Dataset extract
════════════════════

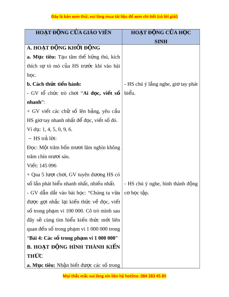 HOẠT Đ N Ộ G C A Ủ GIÁO VIÊN HOẠT Đ N Ộ G C A Ủ H C Ọ SINH A. HOẠT Đ N Ộ G KH I Ở Đ N Ộ G a. M c ụ tiêu: T o ạ tâm thế h ng ứ thú, kích thích sự tò mò c a ủ HS trư c ớ khi vào bài h c. ọ b. Cách th c ứ ti n hàn ế h: - HS chú ý l ng ắ nghe, gi ơ tay phát - GV tổ ch c ứ trò ch i ơ “Ai đ c, ọ vi t ế số bi u. ể nhanh”: + GV vi t ế các chữ số lên b ng, ả yêu c u ầ HS gi t ơ ay nhanh nh t ấ đ đ ể c, ọ vi t ế s đó. ố Ví d : ụ 1, 4, 5, 0, 9, 6. → HS tr l ả i ờ : Đ c: ọ M t ộ trăm b n ố mư i ơ lăm nghìn không trăm chín mư i ơ sáu. Vi t ế : 145 096 + Qua 5 lư t ợ ch i ơ , GV tuyên dư ng ơ HS có số lần phát bi u nhanh nh ể ất, nhi u nh ề ất.
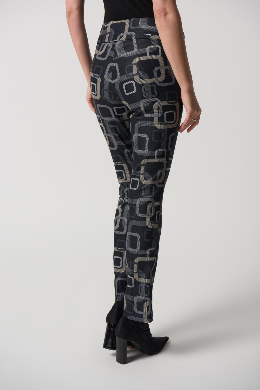 Sometimes the best inspiration for modern-day clothing are patterns of the past. These woven pull-on pants feature a retro plaid print that is classic enough to stand the test of time. Designed to shape and flatter your body, these pants come with a structured contour waistband. There is a subtle Joseph Ribkoff branded tab ornament at their back.
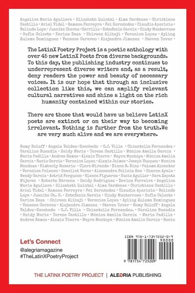 The LatinX Poetry Project is a poetic anthology with over 45 new LatinX Poets from diverse backgrounds sharing their unique & heartfelt poetry on themes as immigration, social justice & feminism today. This book is for anyone who wants to take a poetic journey into the richness of LatinX culture & storytelling today. The LatinX Poetry Project es una antología poética con más de 45 poetas LatinX de diversos países y culturas.Su poesía busca compartir sus pensamientos sobre temas como la inmigración, justicia social y el feminismo en el presente. Este libro es para todos aquellos que quieren tomar un viaje poético por la riqueza de nuestra cultura e historias que resuenan con nuestro mundo, un lugar de reflexión -donde la diversidad nos hace más humanos.

════════════════════

Goal of the exercise
With the pictures removed, return the full listing exactly as given.

Expected answer
 HOẠT Đ N Ộ G C A Ủ GIÁO VIÊN HOẠT Đ N Ộ G C A Ủ H C Ọ SINH A. HOẠT Đ N Ộ G KH I Ở Đ N Ộ G a. M c ụ tiêu: T o ạ tâm thế h ng ứ thú, kích thích sự tò mò c a ủ HS trư c ớ khi vào bài h c. ọ b. Cách th c ứ ti n hàn ế h: - HS chú ý l ng ắ nghe, gi ơ tay phát - GV tổ ch c ứ trò ch i ơ “Ai đ c, ọ vi t ế số bi u. ể nhanh”: + GV vi t ế các chữ số lên b ng, ả yêu c u ầ HS gi t ơ ay nhanh nh t ấ đ đ ể c, ọ vi t ế s đó. ố Ví d : ụ 1, 4, 5, 0, 9, 6. → HS tr l ả i ờ : Đ c: ọ M t ộ trăm b n ố mư i ơ lăm nghìn không trăm chín mư i ơ sáu. Vi t ế : 145 096 + Qua 5 lư t ợ ch i ơ , GV tuyên dư ng ơ HS có số lần phát bi u nhanh nh ể ất, nhi u nh ề ất.
 Sometimes the best inspiration for modern-day clothing are patterns of the past. These woven pull-on pants feature a retro plaid print that is classic enough to stand the test of time. Designed to shape and flatter your body, these pants come with a structured contour waistband. There is a subtle Joseph Ribkoff branded tab ornament at their back.
 The LatinX Poetry Project is a poetic anthology with over 45 new LatinX Poets from diverse backgrounds sharing their unique & heartfelt poetry on themes as immigration, social justice & feminism today. This book is for anyone who wants to take a poetic journey into the richness of LatinX culture & storytelling today. The LatinX Poetry Project es una antología poética con más de 45 poetas LatinX de diversos países y culturas.Su poesía busca compartir sus pensamientos sobre temas como la inmigración, justicia social y el feminismo en el presente. Este libro es para todos aquellos que quieren tomar un viaje poético por la riqueza de nuestra cultura e historias que resuenan con nuestro mundo, un lugar de reflexión -donde la diversidad nos hace más humanos.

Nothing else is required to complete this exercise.